Member of the House of Representatives; from Hiroshima;
- In office 10 April 1946 – 23 December 1948
- Preceded by: Constituency established
- Succeeded by: Hayato Ikeda
- Constituency: At-large district (1946–1947) 2nd district (1947–1948)

Personal details
- Born: 21 September 1896 Zeze, Shiga, Japan
- Died: 14 March 1954 (aged 57)
- Party: Democratic
- Other party: Liberal (1945–1948)
- Alma mater: Tokyo Women's Higher Normal School

= Kiyo Takeda =

Japanese politician (1896–1954)

Kiyo Takeda (武田キヨ; 21 September 1896 – 14 March 1954) was a Japanese educator and politician. She was one of the first group of women elected to the House of Representatives in 1946.

==Biography==
Takeda was born in Zeze (now part of Ōtsu) in 1896. The family later moved to Yamaguchi Prefecture when her father was transferred there for work. She attended Yamaguchi Girls' School and graduated from Tokyo Women's Higher Normal School in 1919. She subsequently worked as a teacher at Kure Girl's High School and Kure Port Junior High School, and served as headmistress of several schools including Tokyo Yakumo Girls' School.
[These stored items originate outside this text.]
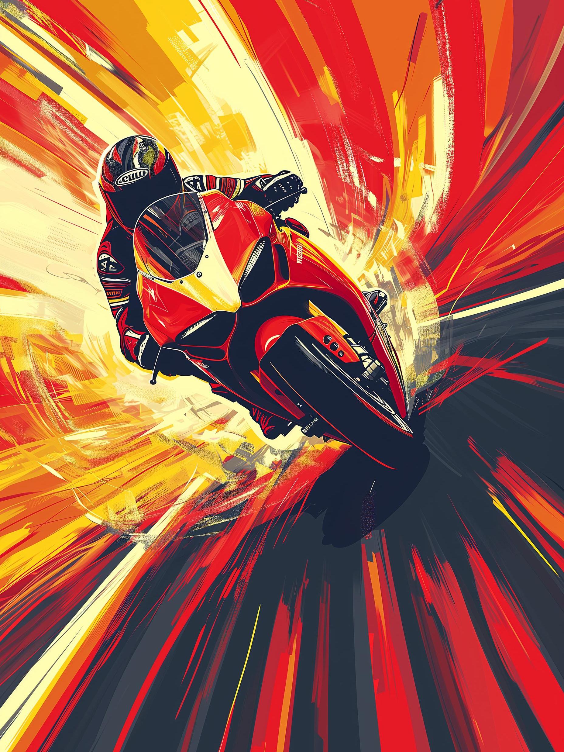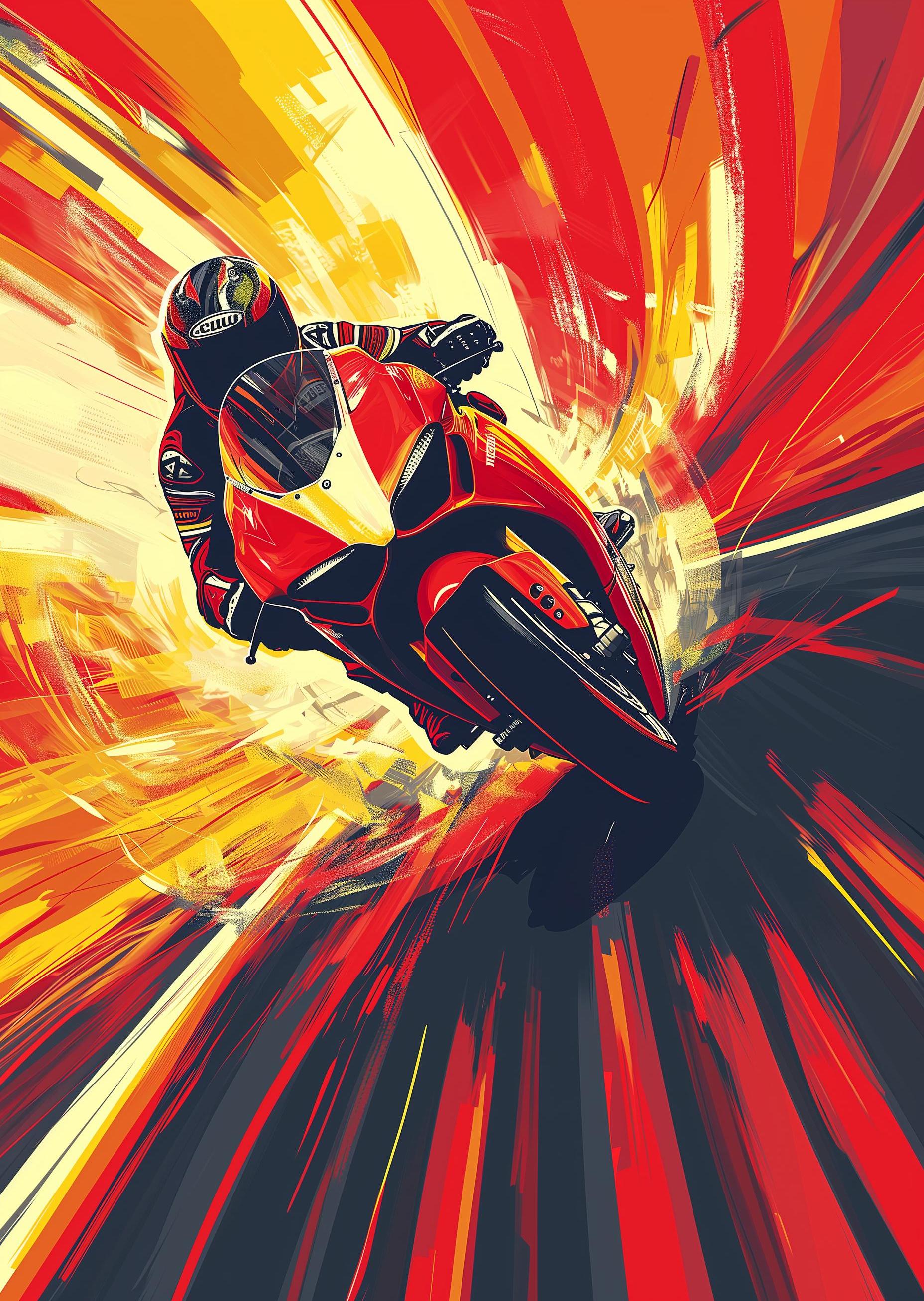 In a blur of speed and roaring engines, the motorcycle racer leaned hard into the turn. The crowd's cheering was a distant roar in his ears as he pushed his bike to the limit. Every second was a fight against the wind and the clock. Just ahead, his rival's back was a bright target. With grit and sheer nerve, he edged closer, feeling the heat of competition. As the finish line drew near, he throttled up, a burst of power and determination fueling his charge. The race wasn't just against others, but against himself, and every heartbeat pounded with the thrill of the chase and the rush of risking it all for the win.
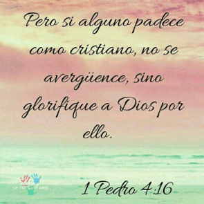 "Pero si alguno sufre como cristiano, que no se avergüence, sino que como tal glorifique a Dios". 1 Pedro 4:16
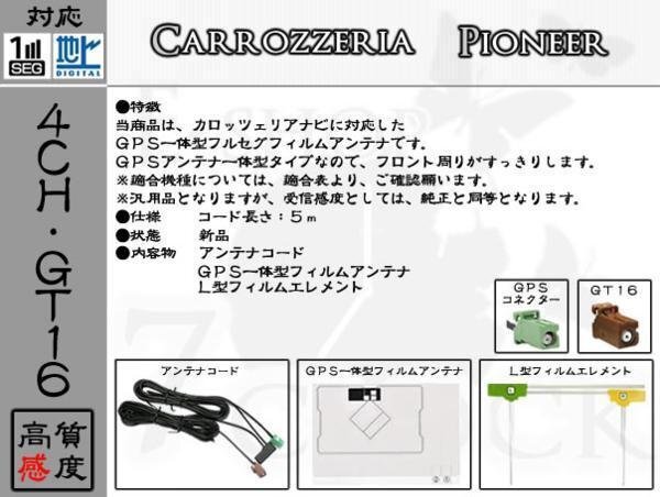 | 受信チャンネル:地上波デジタル UHF(13~62ch) フィルムサイズ:約縦75mm×約横115mm コード長さ:約5.0m コネクタ:GT16 GPSアンテナ用コネクター:カロッツェリア対応タイプ(緑コネクター) |

After World War II, Takeda joined the Liberal Party. She was a candidate for the party in Hiroshima in the 1946 general elections (the first in which women could vote), and was elected to the House of Representatives. She was re-elected in the 1947 elections, shortly after which she joined the Democratic Party. She lost her seat in the 1949 elections and died of a cerebral haemorrhage in 1954.